Monday, August 22, 2016
Intel’s chief executive pledged to support of the former Altera’s base business including use of ARM cores and long product lead times at the first event of the merged x86 and FPGA makers. In a Q&A session he also provided some insights on the company’s acceleration strategy in light of its recent acquisition of startup Nervana.
“More than 50% of value if the [$16 billion Altera] acquisition was actually tied to growing Altera at a faster rate than it was growing,” said Brian Krzanich in the first ISDF event here.
As an example, Krzanich pledged to ship before the end of the year Altera’s flagship, the Stratix 10 FPGAs. It will wear the Intel brand and use both Intel’s 14nm process technology and be the first chip to use its embedded multi-die interconnect packaging technology.
Kraznich promised “no changes in existing or planned products” using ARM cores.
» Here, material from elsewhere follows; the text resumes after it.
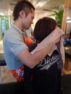 先生「まずは、カラダを目覚めさせて、頭をスッキリさせましょう」とカチカチ身体のヤマダに、少々呆れ気味・・・
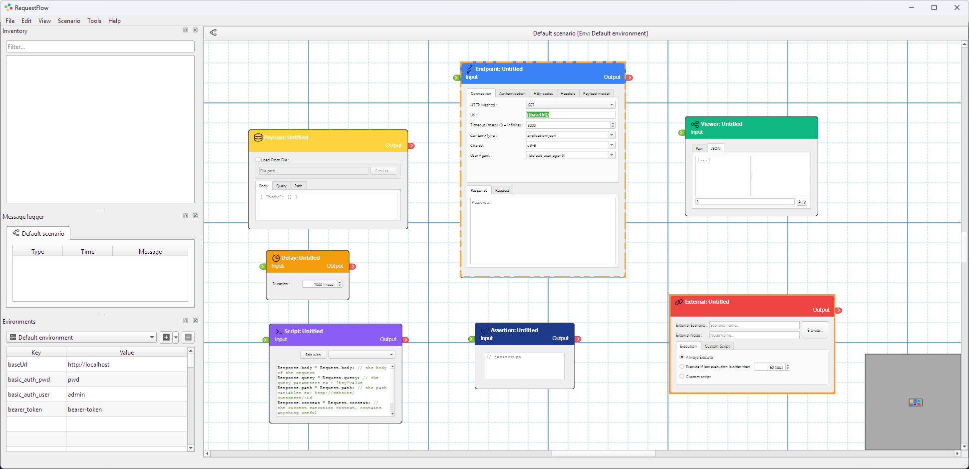 Endpoint, Script, Assertion, Payload, Viewer, Delay, and External nodes. Conditional and Group nodes under development.

“There is no plan to yank ARM out [of FPGAs] and stick in [Intel architecture (IA)] and make you all change your programming models,” he told an audience of several hundred FPGA developers. “There are some advanced products that may like an IA core but my guess is the majority of them won’t -- that would be wasted money on our part and trouble for our customers,” he said,
“The default processor [to embed in FPGAs] will be ARM -- I want to make sure we kill any of that question or debate,” Krzainch said. “There will be some level of performance at the high end with Xeon and FPGAs – we’re shipping a co-packaged product today and we will talk about generating many more of these -- and we think there will be a class of performance at the upper end of the data center that will need these capabilities,” he said
In response to a question, Krzanich reaffirmed Intel is working on products that will combine Xeon server processors, FPGAs and 3D XPoint memories on Intel Omnipath fabrics. However he declined to give any details on such chips or when they will ship.
A year ago when the Altera deal was announced, “customers had a wait-and-see attitude and a concern we would be a data-center play,” said Dan McNamara, a former Altera executive who now manages Intel’s FPGA division. Today “customers see the investments, road maps and improvements, and I feel we’ve mitigated a lot of the concern,” he said.